→ **About this task**
Exactly as written, transcribe each line of the listing.

→ **Supplied entries**
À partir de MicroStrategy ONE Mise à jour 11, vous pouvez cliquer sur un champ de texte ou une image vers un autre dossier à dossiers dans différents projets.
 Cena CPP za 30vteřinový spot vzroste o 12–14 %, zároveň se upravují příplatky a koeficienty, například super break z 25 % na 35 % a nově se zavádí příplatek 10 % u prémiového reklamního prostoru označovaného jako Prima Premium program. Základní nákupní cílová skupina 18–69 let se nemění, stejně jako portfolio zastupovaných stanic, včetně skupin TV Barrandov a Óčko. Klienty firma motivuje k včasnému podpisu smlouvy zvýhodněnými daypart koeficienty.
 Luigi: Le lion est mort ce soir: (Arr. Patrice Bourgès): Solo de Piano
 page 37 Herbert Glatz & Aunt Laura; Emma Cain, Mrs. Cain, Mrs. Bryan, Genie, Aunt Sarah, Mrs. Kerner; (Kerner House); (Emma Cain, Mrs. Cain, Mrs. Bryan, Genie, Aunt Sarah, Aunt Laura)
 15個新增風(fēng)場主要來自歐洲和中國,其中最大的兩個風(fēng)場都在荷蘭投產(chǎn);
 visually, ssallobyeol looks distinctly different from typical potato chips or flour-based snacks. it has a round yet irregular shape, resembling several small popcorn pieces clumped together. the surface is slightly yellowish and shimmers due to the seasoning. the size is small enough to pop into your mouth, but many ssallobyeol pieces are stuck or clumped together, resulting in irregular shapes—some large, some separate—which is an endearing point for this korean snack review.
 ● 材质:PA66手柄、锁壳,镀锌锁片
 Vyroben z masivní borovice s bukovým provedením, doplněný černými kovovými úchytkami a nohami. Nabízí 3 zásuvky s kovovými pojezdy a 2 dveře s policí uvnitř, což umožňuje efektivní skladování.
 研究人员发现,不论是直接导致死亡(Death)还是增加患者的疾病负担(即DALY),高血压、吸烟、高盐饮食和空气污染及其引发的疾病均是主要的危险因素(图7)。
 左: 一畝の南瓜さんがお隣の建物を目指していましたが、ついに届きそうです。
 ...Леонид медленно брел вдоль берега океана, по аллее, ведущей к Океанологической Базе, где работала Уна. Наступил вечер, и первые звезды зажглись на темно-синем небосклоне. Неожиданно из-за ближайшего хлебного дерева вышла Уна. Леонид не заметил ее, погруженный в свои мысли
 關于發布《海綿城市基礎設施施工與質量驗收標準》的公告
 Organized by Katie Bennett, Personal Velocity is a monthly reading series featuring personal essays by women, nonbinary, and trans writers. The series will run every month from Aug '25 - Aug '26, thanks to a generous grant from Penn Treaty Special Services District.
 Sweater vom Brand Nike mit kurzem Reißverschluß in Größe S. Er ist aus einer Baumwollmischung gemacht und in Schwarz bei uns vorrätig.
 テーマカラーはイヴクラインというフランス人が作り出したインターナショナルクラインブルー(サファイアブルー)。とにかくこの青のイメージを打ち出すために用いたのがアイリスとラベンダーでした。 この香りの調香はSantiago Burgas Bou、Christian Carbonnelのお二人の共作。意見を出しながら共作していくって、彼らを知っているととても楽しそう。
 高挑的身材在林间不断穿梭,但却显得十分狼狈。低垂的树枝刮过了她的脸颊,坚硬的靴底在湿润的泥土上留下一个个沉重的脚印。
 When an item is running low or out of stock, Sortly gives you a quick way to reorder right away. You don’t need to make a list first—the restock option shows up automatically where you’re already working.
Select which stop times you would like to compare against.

→ **Solution to the exercise**
À partir de MicroStrategy ONE Mise à jour 11, vous pouvez cliquer sur un champ de texte ou une image vers un autre dossier à dossiers dans différents projets.
 Cena CPP za 30vteřinový spot vzroste o 12–14 %, zároveň se upravují příplatky a koeficienty, například super break z 25 % na 35 % a nově se zavádí příplatek 10 % u prémiového reklamního prostoru označovaného jako Prima Premium program. Základní nákupní cílová skupina 18–69 let se nemění, stejně jako portfolio zastupovaných stanic, včetně skupin TV Barrandov a Óčko. Klienty firma motivuje k včasnému podpisu smlouvy zvýhodněnými daypart koeficienty.
 Luigi: Le lion est mort ce soir: (Arr. Patrice Bourgès): Solo de Piano
 page 37 Herbert Glatz & Aunt Laura; Emma Cain, Mrs. Cain, Mrs. Bryan, Genie, Aunt Sarah, Mrs. Kerner; (Kerner House); (Emma Cain, Mrs. Cain, Mrs. Bryan, Genie, Aunt Sarah, Aunt Laura)
 15個新增風(fēng)場主要來自歐洲和中國,其中最大的兩個風(fēng)場都在荷蘭投產(chǎn);
 visually, ssallobyeol looks distinctly different from typical potato chips or flour-based snacks. it has a round yet irregular shape, resembling several small popcorn pieces clumped together. the surface is slightly yellowish and shimmers due to the seasoning. the size is small enough to pop into your mouth, but many ssallobyeol pieces are stuck or clumped together, resulting in irregular shapes—some large, some separate—which is an endearing point for this korean snack review.
 ● 材质:PA66手柄、锁壳,镀锌锁片
 Vyroben z masivní borovice s bukovým provedením, doplněný černými kovovými úchytkami a nohami. Nabízí 3 zásuvky s kovovými pojezdy a 2 dveře s policí uvnitř, což umožňuje efektivní skladování.
 研究人员发现,不论是直接导致死亡(Death)还是增加患者的疾病负担(即DALY),高血压、吸烟、高盐饮食和空气污染及其引发的疾病均是主要的危险因素(图7)。
 左: 一畝の南瓜さんがお隣の建物を目指していましたが、ついに届きそうです。
 ...Леонид медленно брел вдоль берега океана, по аллее, ведущей к Океанологической Базе, где работала Уна. Наступил вечер, и первые звезды зажглись на темно-синем небосклоне. Неожиданно из-за ближайшего хлебного дерева вышла Уна. Леонид не заметил ее, погруженный в свои мысли
 關于發布《海綿城市基礎設施施工與質量驗收標準》的公告
 Organized by Katie Bennett, Personal Velocity is a monthly reading series featuring personal essays by women, nonbinary, and trans writers. The series will run every month from Aug '25 - Aug '26, thanks to a generous grant from Penn Treaty Special Services District.
 Sweater vom Brand Nike mit kurzem Reißverschluß in Größe S. Er ist aus einer Baumwollmischung gemacht und in Schwarz bei uns vorrätig.
 テーマカラーはイヴクラインというフランス人が作り出したインターナショナルクラインブルー(サファイアブルー)。とにかくこの青のイメージを打ち出すために用いたのがアイリスとラベンダーでした。 この香りの調香はSantiago Burgas Bou、Christian Carbonnelのお二人の共作。意見を出しながら共作していくって、彼らを知っているととても楽しそう。
 高挑的身材在林间不断穿梭,但却显得十分狼狈。低垂的树枝刮过了她的脸颊,坚硬的靴底在湿润的泥土上留下一个个沉重的脚印。
 When an item is running low or out of stock, Sortly gives you a quick way to reorder right away. You don’t need to make a list first—the restock option shows up automatically where you’re already working.
Select which stop times you would like to compare against.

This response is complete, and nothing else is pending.